- Created by: Sky News
- Presented by: Mon-Thu: Charlotte Hawkins Fri: Gillian Joseph

Production
- Running time: 1 hour

Original release
- Network: Sky News
- Release: 8 September 2008 – 2011

Related
- Sunrise; Sky Today; Sky Today; Afternoon Live;

= The Live Desk (British TV programme) =

Former television news programme, broadcast on Sky News

The Live Desk is a news programme which broadcast on Sky News in the United Kingdom from 8 September 2008 to 2011. Originally, The Live Desk aired twice at 9 am and 1 pm but from 11 January 2011 the Live Desk's 1 pm edition was cancelled and subsequently only one edition was broadcast at 9 a.m., presented by Charlotte Hawkins with Gillian Joseph on Friday. The programme was replaced with a standard Sky News bulletin fronted by the same newscasters later in 2011.

==Format==
The programme was a 60-minute round-up of the day's news, sport, and business, rather than discussions, interviews, or features. It was loosely based on the Fox News Channel show The Live Desk.

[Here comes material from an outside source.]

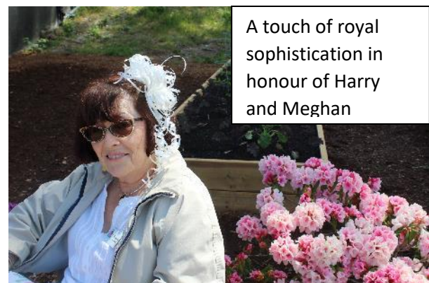
A touch of royal sophistication in honour of Harry and Meghan
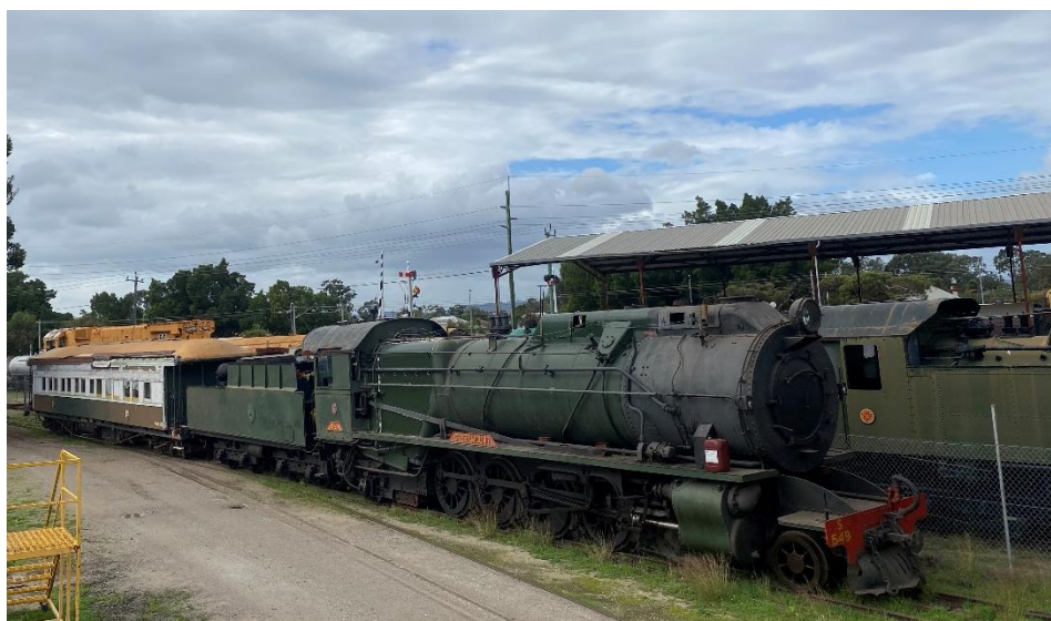
S 549 hauling AQZ 423 ready for its temporary location. The AQZ has had one side restored but the side you can see here could not be done in its previous location. (B Hesford)

S 549 being coaled ready for the Mini Model Railway Expo.

The programme was characterized by the opening line "The Live Desk opens now".

==Presenters==
Originally at the show's launch it aired once a day, between 1 pm and 2 pm with Colin Brazier presenting, but on 2 February 2009, The Live Desk added a morning edition, running between 9 am and 10 am. From 11 January 2011, the Live Desk's original 1pm edition was axed in favour of a new political show with Adam Boulton and Sarah Hughes; the 9 a.m. edition remained until later 2011, presented by Charlotte Hawkins, Monday-Thursday, with Gillian Joseph on Fridays. When individual programme titles (such as Afternoon Live and Sky News Today) were dropped by Sky News in 2011, The Live desk was replaced with a standard 60-minute news bulletin.

===Replacement presenters===
When the regular presenters were unavailable the show was hosted by Samantha Simmonds, Sarah Hughes, Stephen Dixon.